Philadelphia Flyers inducted into the Hockey Hall of Fame
| Individual | Category | Year inducted | Years with Flyers in category | References |
|---|---|---|---|---|
| Keith Allen | Builder | 1992 | 1967–2014 |  |
| Bill Barber | Player | 1990 | 1972–1984 |  |
| Bobby Clarke | Player | 1987 | 1969–1984 |  |
| Paul Coffey | Player | 2004 | 1996–1998 |  |
| Peter Forsberg | Player | 2014 | 2005–2007 |  |
| Dale Hawerchuk | Player | 2001 | 1996–1997 |  |
| Ken Hitchcock | Builder | 2023 | 1990–1993, 2002–2006 |  |
| Mark Howe | Player | 2011 | 1982–1992 |  |
| Eric Lindros | Player | 2016 | 1992–2000 |  |
| Roger Neilson | Builder | 2002 | 1998–2000 |  |
| Adam Oates | Player | 2012 | 2002 |  |
| Bernie Parent | Player | 1984 | 1967–1971, 1973–1979 |  |
| Bud Poile | Builder | 1990 | 1967–1969 |  |
| Chris Pronger | Player | 2015 | 2009–2011 |  |
| Pat Quinn | Builder | 2016 | 1977–1982 |  |
| Mark Recchi | Player | 2017 | 1992–1995, 1999–2004 |  |
| Jeremy Roenick | Player | 2024 | 2001–2004 |  |
| Fred Shero | Builder | 2013 | 1971–1978 |  |
| Darryl Sittler | Player | 1989 | 1982–1984 |  |
| Ed Snider | Builder | 1988 | 1967–2016 |  |
| Allan Stanley | Player | 1981 | 1968–1969 |  |

===Foster Hewitt Memorial Award===
Three members of the Flyers organization have been honored with the Foster Hewitt Memorial Award. The award is presented by the Hockey Hall of Fame to members of the radio and television industry who make outstanding contributions to their profession and the game of ice hockey during their broadcasting career.
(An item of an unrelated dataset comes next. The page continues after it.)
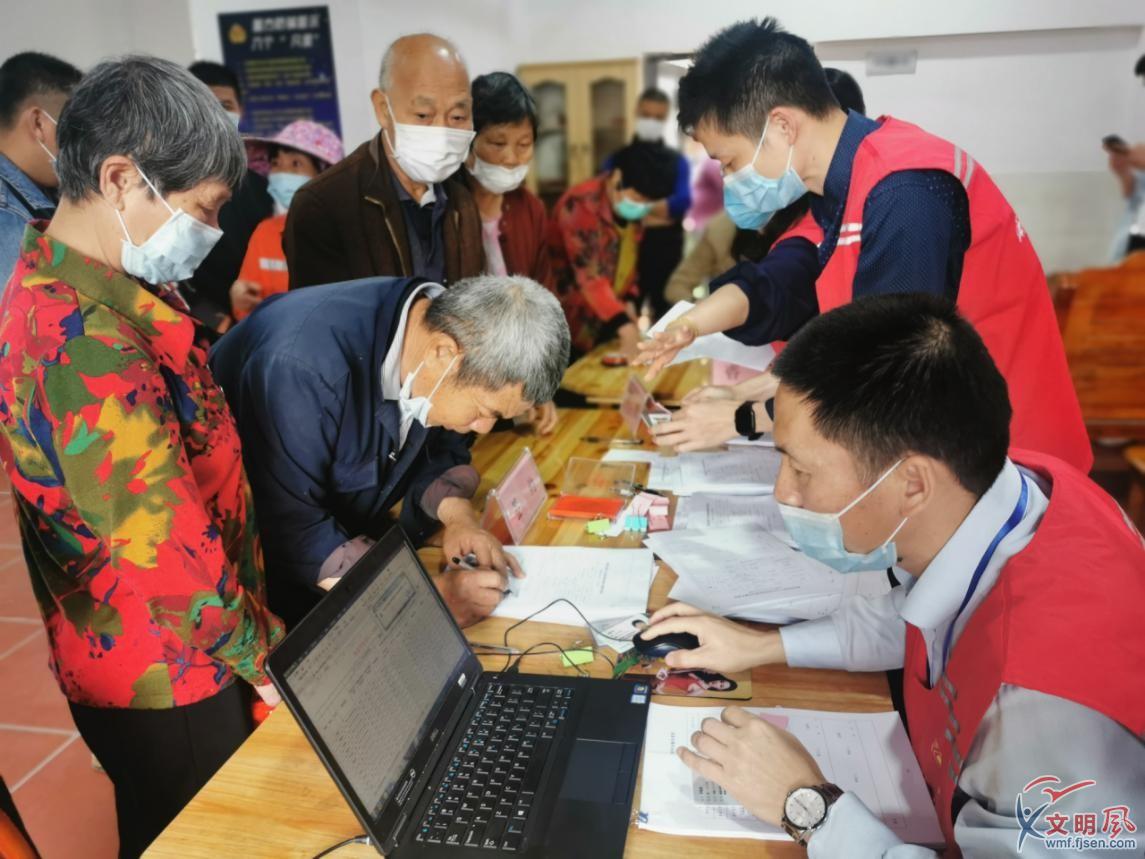 廈門市海滄區人社局學雷鋒志愿服務隊開展“上門服務、情暖海農”社保補繳面簽工作。(海滄區人社局供圖)

Members of the Philadelphia Flyers honored with the Foster Hewitt Memorial Award
| Individual | Year honored | Years with Flyers as broadcaster | References |
|---|---|---|---|
| Bill Clement | 2022 | 1989–1992, 2007–2020 |  |
| Mike Emrick | 2008 | 1983–1993 |  |
| Gene Hart | 1997 | 1967–1995 |  |

===Lester Patrick Trophy===
Eight members of the Flyers organization have been honored with the Lester Patrick Trophy. The trophy has been presented by the National Hockey League and USA Hockey since 1966 to honor a recipient's contribution to ice hockey in the United States. This list includes all personnel who have ever been employed by the Philadelphia Flyers in any capacity and have also received the Lester Patrick Trophy.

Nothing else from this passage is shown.